● Work task
A verbatim copy of all the data is required, minus any images.

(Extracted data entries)
════════════════

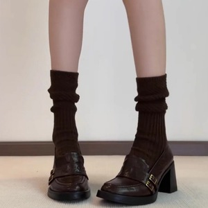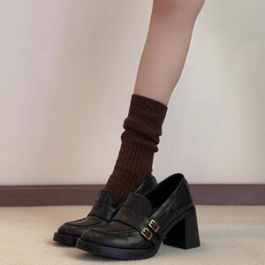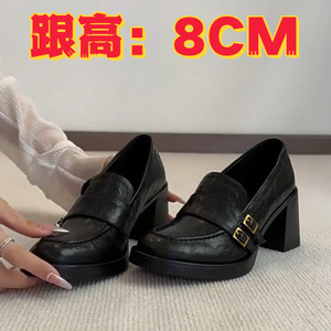 现货秒发~英伦风复古粗跟小皮鞋高跟乐福鞋女深口单鞋一脚蹬女鞋
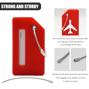 Economize tempo na reclamação de bagagem – Pacote com 7 etiquetas de bagagem para atender a todas as suas necessidades Etiquetas de bagagem coloridas brilhantes, dão personalidade à sua bolsa e fácil de identificar no carrossel de bagagem, ajudam você a escolher sua bagagem facilmente e ajudam a dar um pouco de personalidade à sua própria experiência de viagem. Tamanho das etiquetas: 3,6 x 2 x 0,6 cm Material: silicone/aço inoxidável Cor: verde/vermelho/amarelo/roxo/laranja/azul/preto Pacote: 7 x etiqueta de mala Cada etiqueta inclui: Estojo de etiquetas de bagagem de silicone + corda de aço inoxidável + papel em branco + capa de PVC frontal do papel. Bateria para durar: Feito de silicone resistente e dobrável, que sobreviverá a todos os choques e quedas causados pelos funcionários do aeroporto sempre descuidados. Fácil de transportar: tamanho pequeno e leve, conveniente para transportar, muito adequado para viagens. Segurança e uso amplamente: as etiquetas de nome podem ser usadas para malas, bolsas, carros infantis, malas de viagem e assim por diante. Torna a viagem mais fácil, segura e segura. Você pode escrever seu nome e endereço no cartão de identificação, para facilitar a identificação de sua bagagem de outras pessoas. Basta escrever suas informações diretamente no cartão usando uma caneta esferográfica. Nossa capa de meia parte esconderá completamente suas informações de olhares curiosos. - ?Flexível e durável?Nossas etiquetas de bagagem feitas de silicone durável de qualidade para dobrar sem quebrar. A argola de metal reinformada garantirá que as etiquetas da sua bolsa sejam presas aos seus pertences o tempo todo. - ?Proteção de privacidade?Com apenas seu nome visual para outros estranhos ao seu redor, suas informações pessoais vitais, como número de telefone e endereço, estarão bem protegidas contra seguidores maliciosos. - ?Elegante e prático?Tamanho das etiquetas: 9 cm x 5 cm x 0,6 cm, tamanho pequeno e leve, conveniente para transportar, muito adequado para viagens, além disso, também pode ser anexado à sua bagagem como uma decoração fofa. - ?Encontre sua bagagem com facilidade?Nossas etiquetas de bagagem têm cores vibrantes (também disponíveis em preto) o que facilita identificar seus pertences no aeroporto, ônibus ou distância. Cartão - ?Pacote com 7 etiquetas de bagagem para atender a todas as suas necessidades? Com estas 7 etiquetas de nome, você pode etiquetar todas as suas bagagens, malas, bolsas, mochilas escolares e qualquer outra coisa que precise ser etiquetada. Quantidade suficiente para o seu uso e compartilhe-os com seus familiares e amigos.
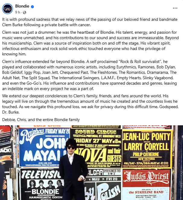 Con profunda tristeza compartimos la noticia del fallecimiento de nuestro querido amigo y compañero de banda Clem Burke, tras una batalla privada contra el cáncer.
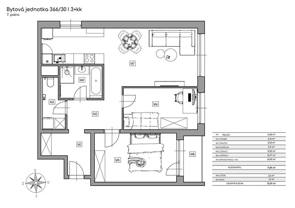 Dispozice bytu 3+kk:
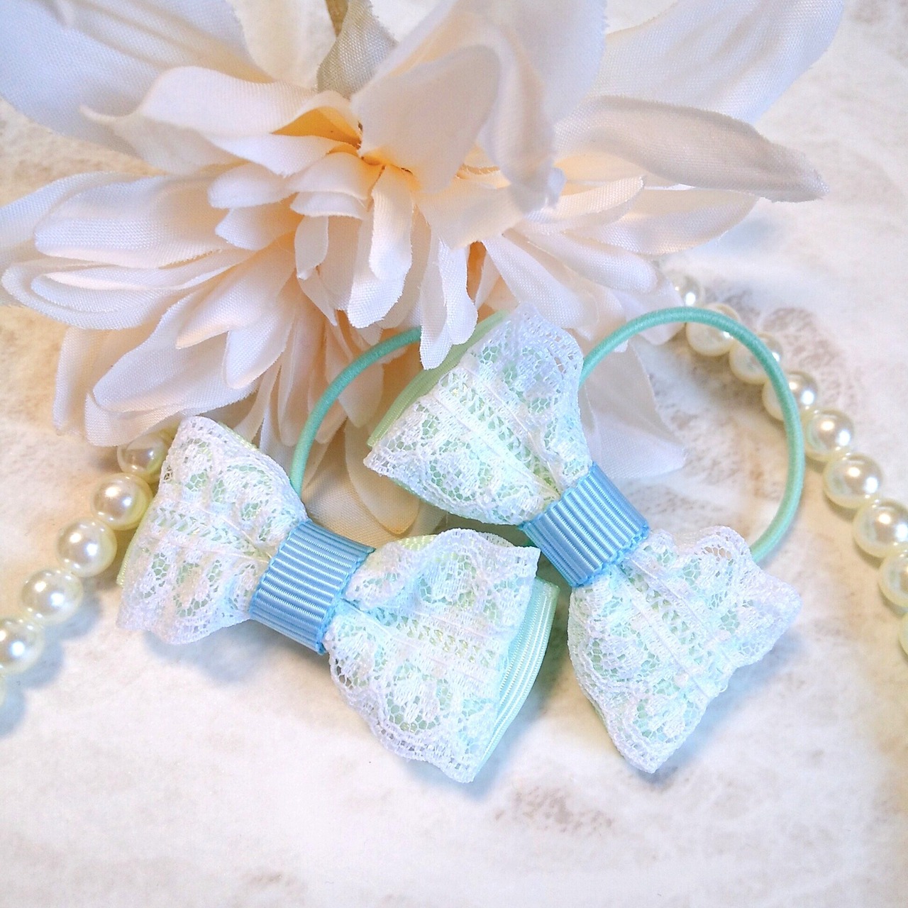 白いレースに爽やかなグリーンのリボンを合わせて、
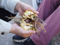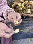 分裂した球根を包み込むように持ち、
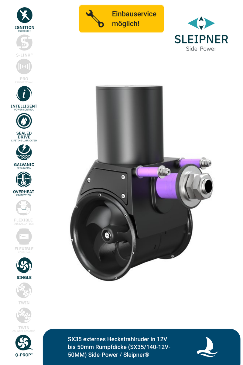 Sleipner® externes Heckstrahlruder SX35 in 12V I bis 50mm Rumpfdicke (SX35/140-12V-150mm-2)
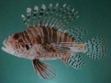 轴纹蓑鲉,Pterois radiata (Cuvier, 1829),也叫深水狮子,鲉科蓑鲉属的一种鱼类。身体由红色、白色垂直条纹构成,大的扇子形的胸鳍及羽毛状的背鳍。250升以上带藏身地点的水族箱饲养。
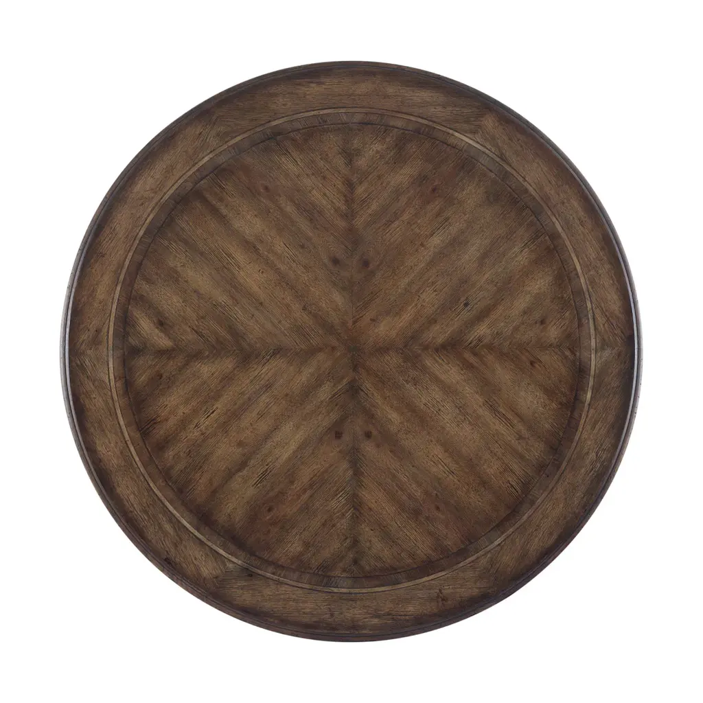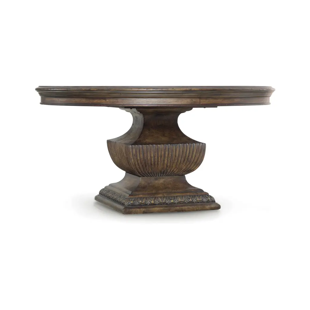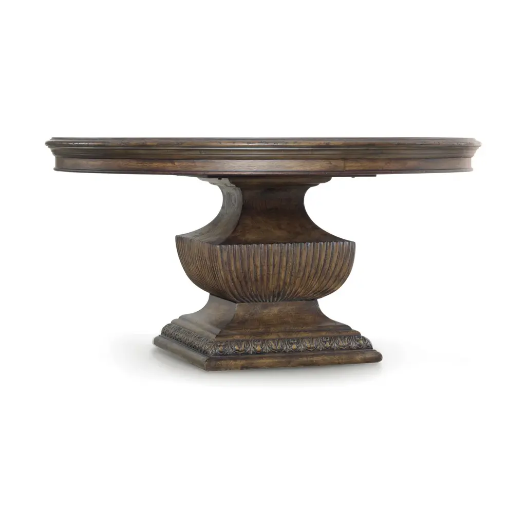A breathtaking statement of casual opulence, the Rhapsody Round Dining Table from Hooker Furniture brings a grand, old-world charm to your home. This stunning dining table is defined by its massive, classical urn-shaped pedestal base, richly detailed with timeless motifs. The expansive round top is crafted from a beautiful blend of veneers, all finished in a rustic, walnut color inspired by the patinas of reclaimed wood. A fusion of classic European design and rustic character, it’s an unforgettable centerpiece for any dining setting. Highlights:
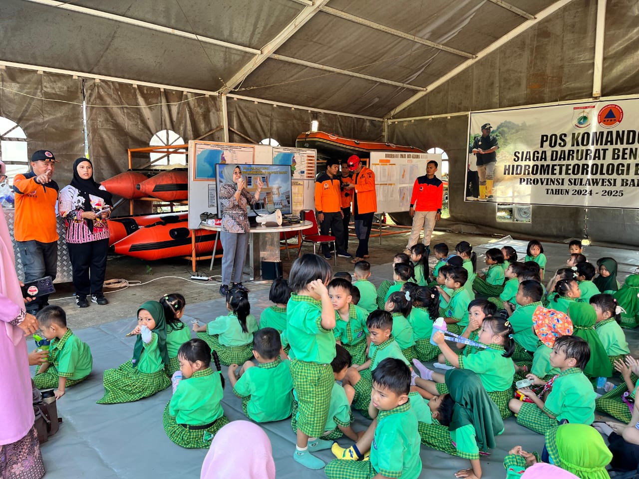 ​Dalam kegiatan yang berlangsung meriah ini, para murid diajak mengenal pengetahuan dasar mengenai bencana alam dengan cara yang sederhana dan menyenangkan. Selain sesi belajar, anak-anak juga diajak bermain sambil melihat langsung berbagai kendaraan operasional dan perahu yang dimiliki BPBD Sulbar untuk mendukung upaya penanggulangan bencana.
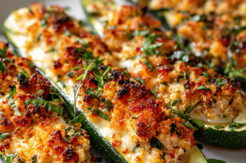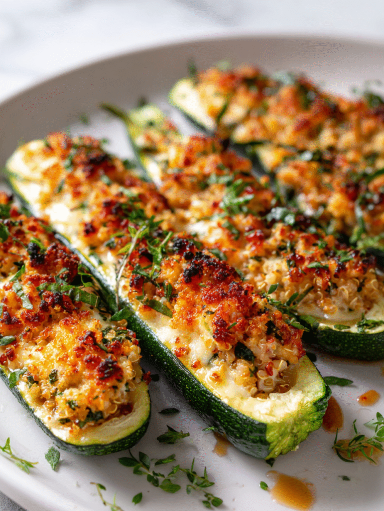 Let the stuffed zucchini rest for 5 minutes before serving. Garnish with fresh herbs for color and aroma. Serve warm, spooning any melted cheese and juices over each plate.

════════════════

● Answer below
 现货秒发~英伦风复古粗跟小皮鞋高跟乐福鞋女深口单鞋一脚蹬女鞋
 Economize tempo na reclamação de bagagem – Pacote com 7 etiquetas de bagagem para atender a todas as suas necessidades Etiquetas de bagagem coloridas brilhantes, dão personalidade à sua bolsa e fácil de identificar no carrossel de bagagem, ajudam você a escolher sua bagagem facilmente e ajudam a dar um pouco de personalidade à sua própria experiência de viagem. Tamanho das etiquetas: 3,6 x 2 x 0,6 cm Material: silicone/aço inoxidável Cor: verde/vermelho/amarelo/roxo/laranja/azul/preto Pacote: 7 x etiqueta de mala Cada etiqueta inclui: Estojo de etiquetas de bagagem de silicone + corda de aço inoxidável + papel em branco + capa de PVC frontal do papel. Bateria para durar: Feito de silicone resistente e dobrável, que sobreviverá a todos os choques e quedas causados pelos funcionários do aeroporto sempre descuidados. Fácil de transportar: tamanho pequeno e leve, conveniente para transportar, muito adequado para viagens. Segurança e uso amplamente: as etiquetas de nome podem ser usadas para malas, bolsas, carros infantis, malas de viagem e assim por diante. Torna a viagem mais fácil, segura e segura. Você pode escrever seu nome e endereço no cartão de identificação, para facilitar a identificação de sua bagagem de outras pessoas. Basta escrever suas informações diretamente no cartão usando uma caneta esferográfica. Nossa capa de meia parte esconderá completamente suas informações de olhares curiosos. - ?Flexível e durável?Nossas etiquetas de bagagem feitas de silicone durável de qualidade para dobrar sem quebrar. A argola de metal reinformada garantirá que as etiquetas da sua bolsa sejam presas aos seus pertences o tempo todo. - ?Proteção de privacidade?Com apenas seu nome visual para outros estranhos ao seu redor, suas informações pessoais vitais, como número de telefone e endereço, estarão bem protegidas contra seguidores maliciosos. - ?Elegante e prático?Tamanho das etiquetas: 9 cm x 5 cm x 0,6 cm, tamanho pequeno e leve, conveniente para transportar, muito adequado para viagens, além disso, também pode ser anexado à sua bagagem como uma decoração fofa. - ?Encontre sua bagagem com facilidade?Nossas etiquetas de bagagem têm cores vibrantes (também disponíveis em preto) o que facilita identificar seus pertences no aeroporto, ônibus ou distância. Cartão - ?Pacote com 7 etiquetas de bagagem para atender a todas as suas necessidades? Com estas 7 etiquetas de nome, você pode etiquetar todas as suas bagagens, malas, bolsas, mochilas escolares e qualquer outra coisa que precise ser etiquetada. Quantidade suficiente para o seu uso e compartilhe-os com seus familiares e amigos.
 Con profunda tristeza compartimos la noticia del fallecimiento de nuestro querido amigo y compañero de banda Clem Burke, tras una batalla privada contra el cáncer.
 Dispozice bytu 3+kk:
 白いレースに爽やかなグリーンのリボンを合わせて、
 分裂した球根を包み込むように持ち、
 Sleipner® externes Heckstrahlruder SX35 in 12V I bis 50mm Rumpfdicke (SX35/140-12V-150mm-2)
 轴纹蓑鲉,Pterois radiata (Cuvier, 1829),也叫深水狮子,鲉科蓑鲉属的一种鱼类。身体由红色、白色垂直条纹构成,大的扇子形的胸鳍及羽毛状的背鳍。250升以上带藏身地点的水族箱饲养。
A breathtaking statement of casual opulence, the Rhapsody Round Dining Table from Hooker Furniture brings a grand, old-world charm to your home. This stunning dining table is defined by its massive, classical urn-shaped pedestal base, richly detailed with timeless motifs. The expansive round top is crafted from a beautiful blend of veneers, all finished in a rustic, walnut color inspired by the patinas of reclaimed wood. A fusion of classic European design and rustic character, it’s an unforgettable centerpiece for any dining setting. Highlights:
 ​Dalam kegiatan yang berlangsung meriah ini, para murid diajak mengenal pengetahuan dasar mengenai bencana alam dengan cara yang sederhana dan menyenangkan. Selain sesi belajar, anak-anak juga diajak bermain sambil melihat langsung berbagai kendaraan operasional dan perahu yang dimiliki BPBD Sulbar untuk mendukung upaya penanggulangan bencana.
 Let the stuffed zucchini rest for 5 minutes before serving. Garnish with fresh herbs for color and aroma. Serve warm, spooning any melted cheese and juices over each plate.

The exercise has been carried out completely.